Я опустил взгляд на свое тело и чуть в обморок не упал — на этот раз от восторга. Впрочем, имею ли я право называть его своим? Или оно еще по большей части Трудяги?
Продолжение фрагментов развязки.
Мордехай объяснил, как в первые лагерные месяцы они разработали условный язык, чтобы, не вызывая подозрений, тайно сообщаться между собой. Вся „алхимическая“ лабуда — это был шифр, тайный код посложнее египетских иероглифов и усложненный вдобавок апериодичными полетами свободной фантазии — в качестве своего рода помех, чтоб аэнбэшные компьютеры совсем уж безнадежно завязли. После того как появился язык, были предприняты самые разнообразные изыскания, но наиболее многообещающим оказалось направление, упоминавшееся-таки по ходу нашего с Щипанским и компанией мозгового штурма, — механическое копирование и хранение волн мозга, вроде того, чем занимался в Кембридже Фроули. Мы споткнулись на проблеме, каким образом изымать волновой пакет из хранения. Единственным подходящим вместилищем представлялось другое человеческое тело.

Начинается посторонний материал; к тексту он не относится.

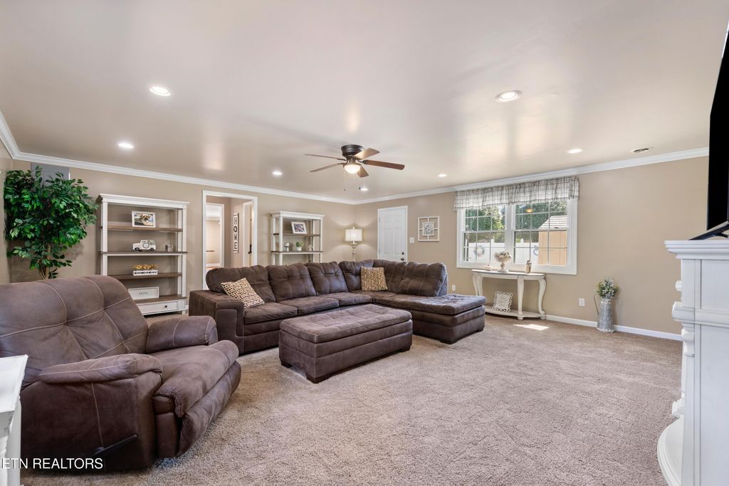 Toward the back of the home, the spacious living room offers a comfortable and more private area to relax and unwind.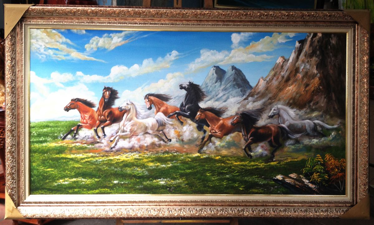 tranh sơn dầu bát mã truy phong Kích thước: 80x120cm có thể thay đổi kích thước theo yêu cầu quý khách hàng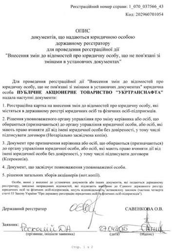 Колишньому голові "Укртранснафти" Олександру Лазорку було доручено передати, а Сидораку прийняти до 15 години 23 квітня 2015 року документи, майно та інформацію ПАТ "Укртранснафта".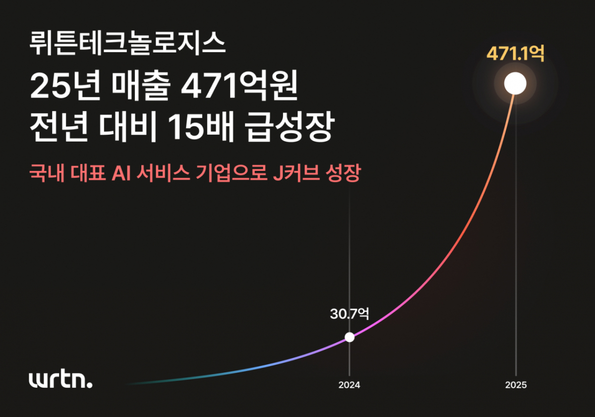 AI(인공지능) 서비스 플랫폼 기업 뤼튼테크놀로지스(뤼튼)가 지난해 매출액이 471억원으로 전년도 약 30억원과 비교해 15배에 달하는 성장을 이뤘다고 14일 밝혔다.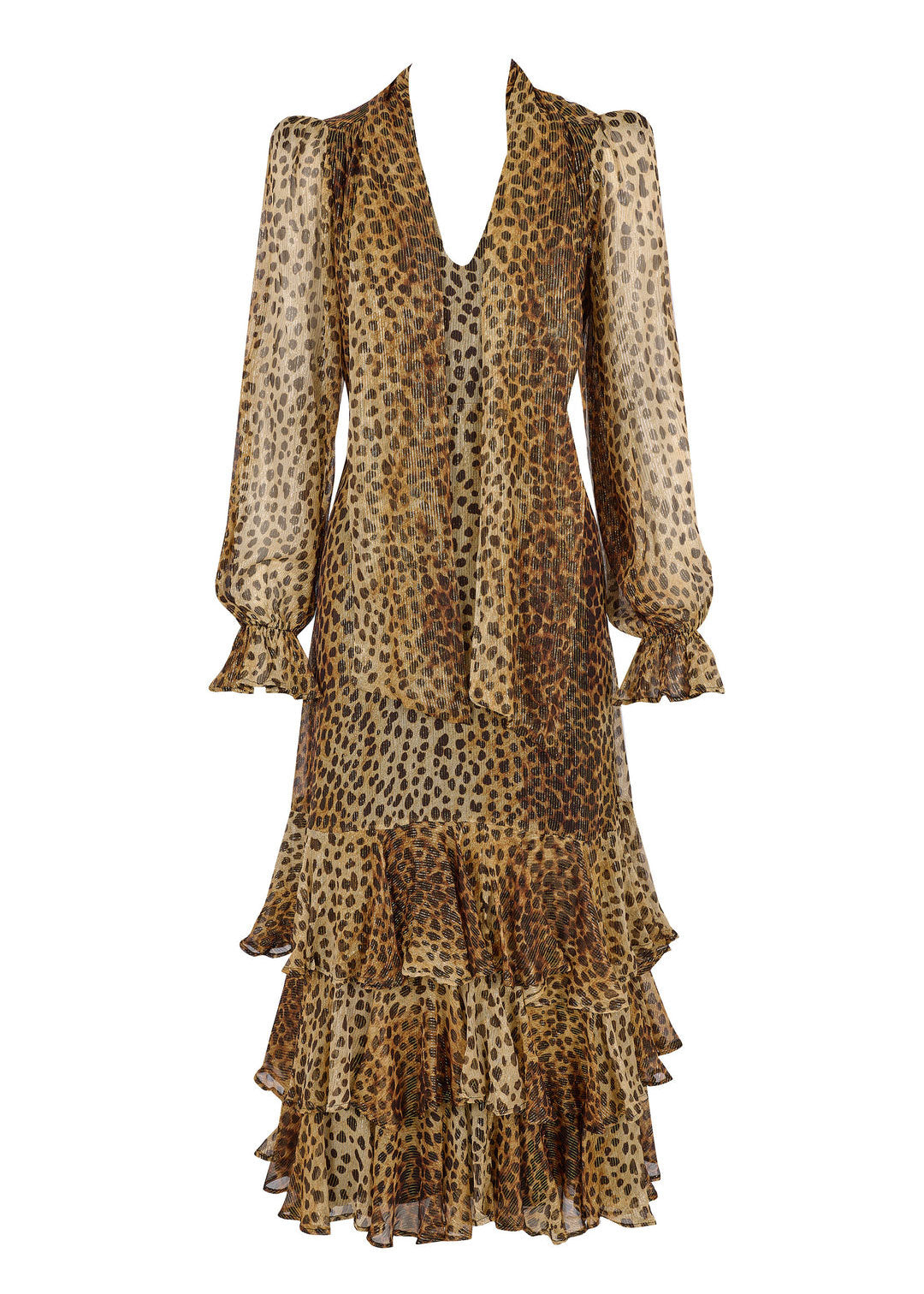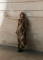 Farrah moves with untamed elegance, her cheetah print lurex chiffon catching the light in a slow, liquid shimmer. The cascading skirt sweeps the floor in rhythmic waves, while the languid self-tie neck drapes with effortless 70s glamour.

Мордехай сотоварищи пришли к тому же выводу и двинулись дальше: любое устройство, какое они разработают, должно осуществить и запись, и воспроизведение за один прогон. То есть речь должна идти об обмене разумов. То, что они сумели такой прибор сделать, не имея в данной области фактически никакого опыта и всю дорогу прикидываясь, будто готовят „магнум опус“, что сумели собрать прибор так, дабы сбить с толку профессиональных электронщиков, призванных засвидетельствовать его „благонадежность“, что первое же испытание прошло успешно — с более впечатляющим доказательством мощи паллидина мне сталкиваться не приходилось.

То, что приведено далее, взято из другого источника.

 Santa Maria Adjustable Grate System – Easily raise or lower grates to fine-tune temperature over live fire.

(Задним числом — маленькая хохмочка. Блок-схему центрального узла установки я видел в бумажном развале у М, на столе — по принципу Эдгара По, на самом, можно сказать, видном месте. Это был рисунок, который я обнаружил в „Расходной книге“ Джорджа Вагнера — с „королем“ и многоголовым вьюнком).

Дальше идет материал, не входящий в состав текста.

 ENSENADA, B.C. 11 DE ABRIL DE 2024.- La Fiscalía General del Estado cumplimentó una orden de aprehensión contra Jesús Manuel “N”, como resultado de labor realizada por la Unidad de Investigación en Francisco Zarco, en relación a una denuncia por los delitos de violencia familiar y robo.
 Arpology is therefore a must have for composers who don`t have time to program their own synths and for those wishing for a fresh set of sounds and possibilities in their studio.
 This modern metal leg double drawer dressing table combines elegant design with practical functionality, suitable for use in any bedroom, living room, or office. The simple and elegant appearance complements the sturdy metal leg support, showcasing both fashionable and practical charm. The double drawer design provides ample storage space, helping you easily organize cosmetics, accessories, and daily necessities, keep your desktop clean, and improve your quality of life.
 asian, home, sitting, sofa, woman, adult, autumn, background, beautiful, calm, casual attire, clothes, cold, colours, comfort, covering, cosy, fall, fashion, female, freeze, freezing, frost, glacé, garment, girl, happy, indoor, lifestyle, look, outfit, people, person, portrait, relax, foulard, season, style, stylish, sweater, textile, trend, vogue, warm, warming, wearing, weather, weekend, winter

Окончание фрагментов развязки.
Удачно вышло, что разум Хааста, оказавшись в источенном болезнью теле Мордехая, запаниковал настолько капитально, что тут же выдал эмболию. Мордехай утверждает, что доканало того осознание благоприобретенной чернокожести.
Подумать только, Ха-Ха уже почти полгода на свете нет, а я всю дорогу преспокойно общался и думал, что с ним! Перечитывая дневник, вижу, что многие перемены, которые я наблюдал в Хаасте, можно расценивать как косвенные улики — но в целом разыграно лицедейство было отменно.
Но зачем вообще лицедейство? Мордехай разъяснил, что переворот должен был происходить постепенно; что в полной мере осуществлять полномочия Хааста он мог, только если и вести себя будет неотличимо от Хааста. Стал тюремщиком, а все равно заключенный!